Jak odmienić wnętrze starego mieszkania w bloku - zobacz metamorfozy mieszkań do 50 mkw.
24.11.2017 | aktual.: 27.11.2017 09:33
"Każda zmiana jest katastrofą. Nawet nie dlatego, że może zakończyć się niepowodzeniem, ale dlatego, że najpierw trzeba zniszczyć to, co jest” - napisał australijski literat, Markus Zusak. W kontekście aranżacji wnętrz, takie małe katastrofy są jak najbardziej wskazane - pomagają wydobyć z wnętrz ukryty urok, sprawiają, że przestrzenie stają się funkcjonalne i o wiele bardziej ergonomiczne. Co ciekawe, jedne z najbardziej spektakularnych metamorfoz dotyczą mieszkań blokowych. Świetne wzornictwo i innowacyjne rozwiązania sprawiają, że nawet niewielkie, niepozorne wnętrza, zyskują drugie, lepsze życie. Przekonaj się na tych przykładach.
Jeśli twoje mieszkanie w bloku w niczym nie przypomina stylowego apartamentu, nie martw się! Pamiętaj, że z każdą przestrzeń można modnie i komfortowo zagospodarować. Czasem wystarczy drobny lifting i kilka sprawdzonych optycznych trików, innym razem konieczny jest generalny remont, jednak wcale nie musi on oznaczać wydatków równych małej fortunie. Aby udowodnić, że stare mieszkania w wielkiej płycie również mogą zachwycać charakterem i stylem, prezentujemy zdumiewające metamorfozy. Zobacz blokowe wnętrza w zupełnie nowej, świeżej odsłonie - być może będzie to bodziec, który popchnie cię do aranżacyjnych zmian?
Pokój w 46-metrowym mieszkaniu w bloku. Stan przed remontem
Tradycyjne meblościanki, nudna, mdła kolorystyka, stare płytki, przebrzmiałe rozwiązania aranżacyjne… Właśnie w ten sposób wygląda część blokowych mieszkań, które nie pamiętają zmian od czasów PRL-u. Tymczasem wystarczy odrobina wyobraźni i - bywa - nieduży nakład finansowy, aby odmienić je niczym za dotknięciem czarodziejskiej różdżki. W 46-metrowym mieszkaniu w bloku przeprowadzono radykalną metamorfozę.

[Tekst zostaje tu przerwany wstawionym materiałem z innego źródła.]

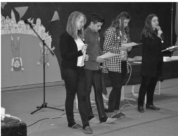
Slika 5: Povzemanje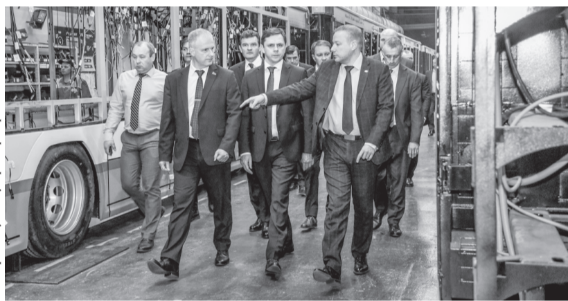
На заводе «Белкоммунмаш»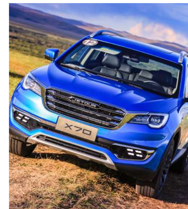
ABS + BAS + EBD + TCS + HSA + Autohold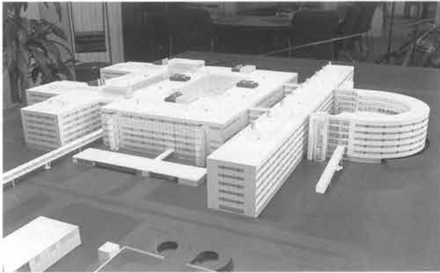
Aansluitend aan de nieuwbouw van het academisch ziekenhuis op Randwyck verrijst (rechts op deze maquette) in de komende twee jaar het nieuwe faculteitsgebouw voor Geneeskunde en Gezondheidswetenschappen.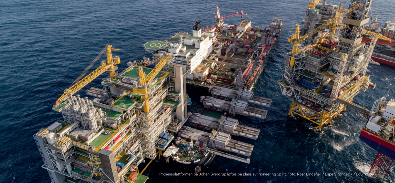
Prosessplattformen på Johan Sverdrup løftes på plass av Pioneering Spirit.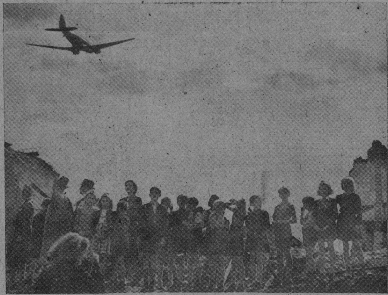
El bloqueo de las zonas occidentales de Berlín por los soviets agrava por momentos la situación alimenticia de la población. Los aliados de Occidente realizan los mayores esfuerzos para abastecer por vía aérea a los berlineses. El vuelo de los aviones encargados del abastecimiento es seguido por los habitantes de la capital alemana con dramática expectación. En la foto vemos un nutrido grupo de personas, niños en su mayoría, contemplando la llegada de los aviones, cuyo cargamento les servirá para seguir viviendo, pese a los diabólicos desiguos de la Unión Soviética, frecuentemente denunciados por los Gobiernos de Londres y Washington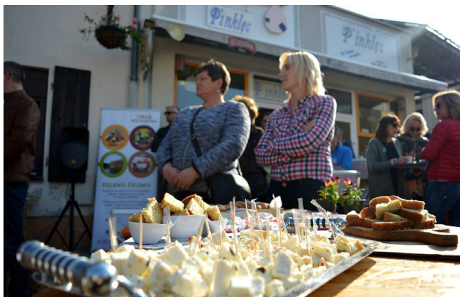
1. dogodek: Odprtje predstavitvenega prostora KULTNATURA, 13. 10. 2018. / 1. dogaja: Otvorenje prezentacijskega prostora Kulturnatura, 13.10.2018.

Izvedli smo 5 dogodkov, kjer je sodelovalo skupno 5407 udeležencev. Dogodki so obogatili turistično ponudbo, usmerjeni pa so bili na dvig števila obiskovalcev na kulturno in nesnovno dediščino Varaždina.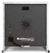
EasyVEC-C4 micro-watt + 4000

La gama de cajas simple flujo con el mejor diseño del mercado para una ventilación eficiente, serena y fácil.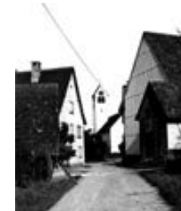
auf Höhe der Hausnummer 20, Blick nach Osten, 1968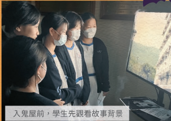
入鬼屋前，學生先觀看故事背景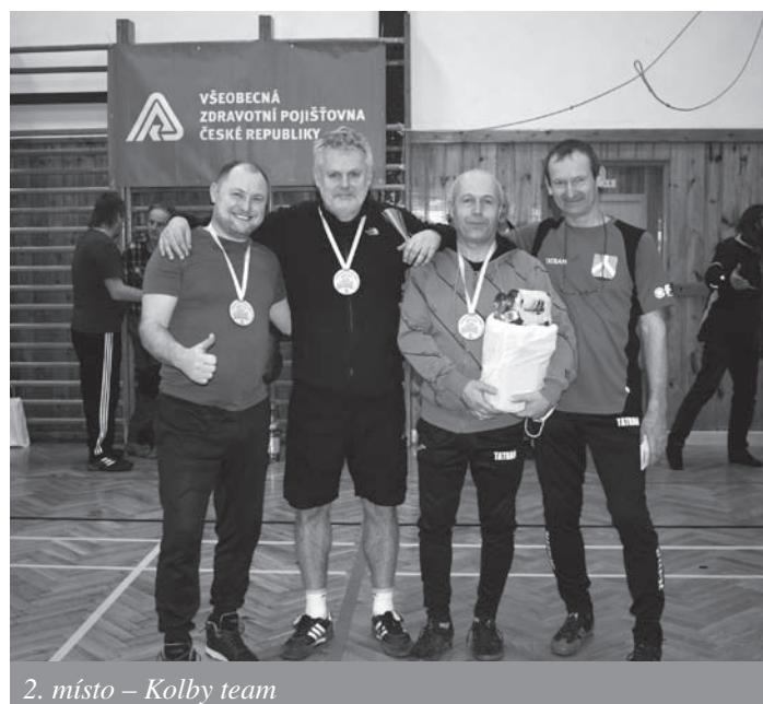
2. místo – Kolby team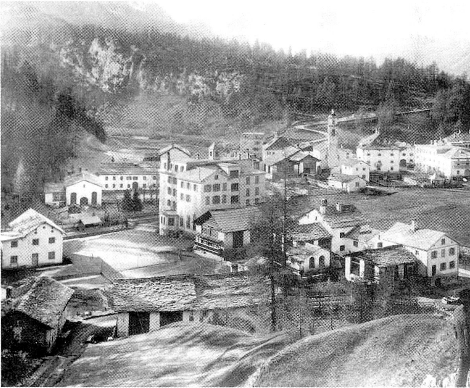
Fotografie von Sils-Maria um 1900, wo Friedrich Nietzsche von 1881 bis 1888 sieben Sommer im Haus Durisch (links hinten) wohnte.

verdanken, 58 – eingefangen zunächst mit flüchtigem Bleistiftstrich in mitgeführte Notizbücher. 59

Pokój w 46-metrowym mieszkaniu w bloku. Stan po remoncie
Z pokoi zniknęły staromodne meble i rozgościł się w nich minimalistyczny design w stylu skandynawskim. Piękny, niezniszczony parkiet został dzięki temu maksymalnie wyeksponowany i nabrał zupełnie nowego blasku. Kaloryfer, który dotychczas straszył, pomalowano na czarny kolor, przez co zyskał intrygujący, nieco industrialny look. Warto zwrócić uwagę, że zdecydowano się na modne, ale niedrogie dodatki - łóżko z palet, filcowe organizery i ozdobne naczynia, imitujące dawne kanki na mleko.
Kuchnia zagracona
Kuchnia starej daty również nabrała nowego blasku. Ale zanim to nastąpiło, przedstawiała sobą obraz nędzy i rozpaczy. Prehistoryczne, niedomykające się szafki, ściany... niby jasne, ale tak naprawdę wprowadzające ponury nastrój, niefunkcjonalny blat, nierówna ściana.
Kuchnia multifunkcjonalna
W pomieszczeniu zastosowano modną biało-szarą paletę barw, która dodała wnętrzu lekkości i powiększyła je optycznie. Na ścianach zagościły nowoczesne płytki imitujące beton, zniknęły niemodne szafki, a na ich miejscu pojawiła się minimalistyczna zabudowa kuchenna o metalowych i szklanych wykończeniach. Warto także zwrócić uwagę, że w rzędzie dolnych szafek znalazło się miejsce na urokliwe siedzisko przy oknie oraz… pralkę! Dzięki temu, niewielka łazienka została odciążona i stała się o niebo bardziej ustawna.
Szukasz sposobu na blokowe 36 metrów? Mamy go!
Kolejna niezwykła metamorfoza dotyczy 36-metrowego mieszkania w bloku. Jak przyznają sami projektanci, realizacja okazała się pełna niespodzianek. Pękające ściany i krzywa podłoga nie zdołały jednak obrócić planowanej metamorfozy w niwecz i lokal rychło zamienił się w jasną, ergonomiczną i przytulną przestrzeń.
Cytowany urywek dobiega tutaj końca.